Classical random graph models were established by Erdős and Rényi (Erdős and Rényi 1959, 1960, 1961), and later slightly adapted by Gilbert (Gilbert 1959). In these models, a graph with N nodes is created such that, for each pair of nodes, there exists an edge with probability between 0 and 1.

In igraph, these graphs can be simulated with the function sample_gnp(), and you only need to specify the number of nodes in the graph, and the probability for drawing an edge between two arbitrary nodes. To demonstrate it, let’s create a random graph according to the Erdős-Rényi model with 100 nodes and connection probability of 0.02. We will also plot the degree distribution of this graph.

# Simulate a random graph (Erdős-Rényi model) with p = 0.02
g_er <- sample_gnp(100, 0.02)

plot(g_er, layout = layout_in_circle, vertex.label = NA)
hist(degree(g_er), xlab = "Degree", ylab = "Frequency", main = "")

In a classical random graph G with \(N\) nodes, for large \(N\), the degree distribution will be approximated by a Poisson distribution with mean \(c\), where \(c = pN\). This is quite intuitive, considering that the degree of any node is distributed as a binomial random variable with parameters \(N-1\) and \(p\). For example, in the graph we simulated above, the expected mean degree is \(c = (100-1) \times 0.02 = 1.98\).
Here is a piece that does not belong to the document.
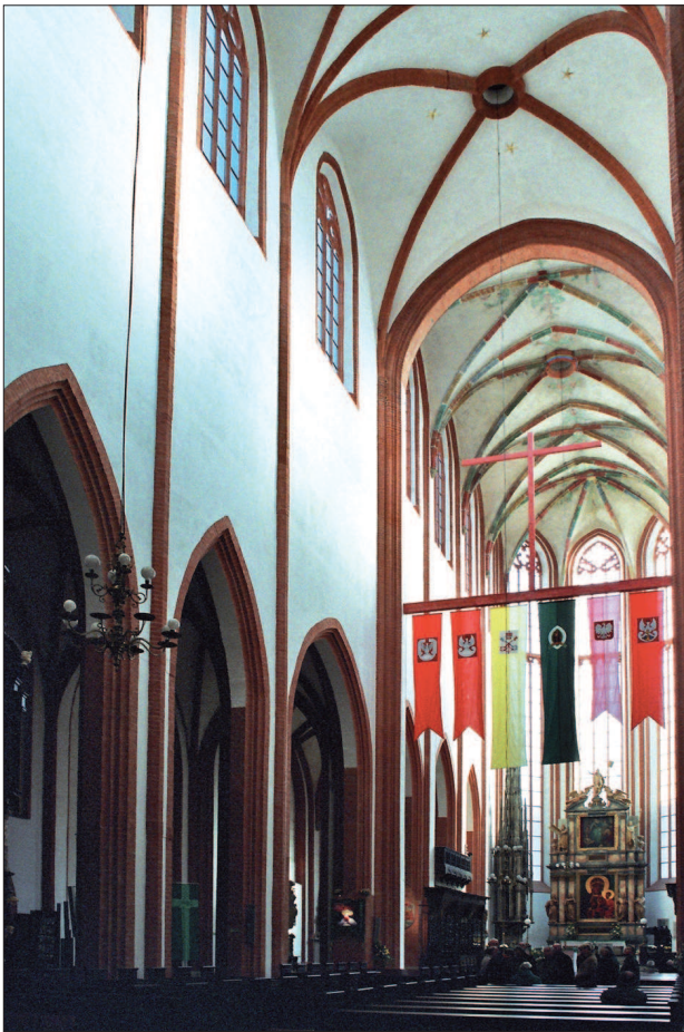
26. Wrocław – kościół św. Elżbiety, wnętrze 26. Wrocław – interior of the Church of St. Elizabeth

Let’s verify is this is indeed what we observe.

# Calculate mean degree of the simulated random graph
mean(degree(g_er))

[1] 1.88

We can see that the mean degree is indeed very close to the expected value. Other properties of classical random graphs include their small average shortest-path distances, and low clustering coefficient. Let’s verify that.

# Calculate average shortest-path distance and diameter
mean_distance(g_er)

[1] 5.065434

diameter(g_er)

[1] 11

# Calculate clustering coefficient
transitivity(g_er)

[1] 0

Practice

Simulate three classical random graphs with 500 nodes and p = 0.02, 0.05, and 0.1, respectively. Then, answer the questions below:

What do their degree distributions look like?
Are mean degrees of all graphs close to the expected values?

Show me the solutions

# Q1
g1 <- sample_gnp(500, 0.02)
g2 <- sample_gnp(500, 0.05)
g3 <- sample_gnp(500, 0.1)

hist(degree(g1))

hist(degree(g2))

hist(degree(g3))

# Q2
degree_df <- data.frame(
    expected = 499 * c(0.02, 0.05, 0.1),
    observed = c(mean(degree(g1)), mean(degree(g2)), mean(degree(g3)))
)
degree_df

  expected observed
1     9.98    9.724
2    24.95   24.804
3    49.90   49.772

3.1.2 Generalized random graphs

The graph model proposed by Erdős-Rényi consists in assigning a common characteristic to a collection of graphs, that is, that the size of the graphs G be equal to some fixed \(N_e\). This formulation can be easily generalized by changing the characteristic that should be fixed in all graphs of a collection. Besides network size, the most common characteristic that researchers choose to set to fixed is the degree sequence. This means that we can create graphs that are different, but have the same degree sequence.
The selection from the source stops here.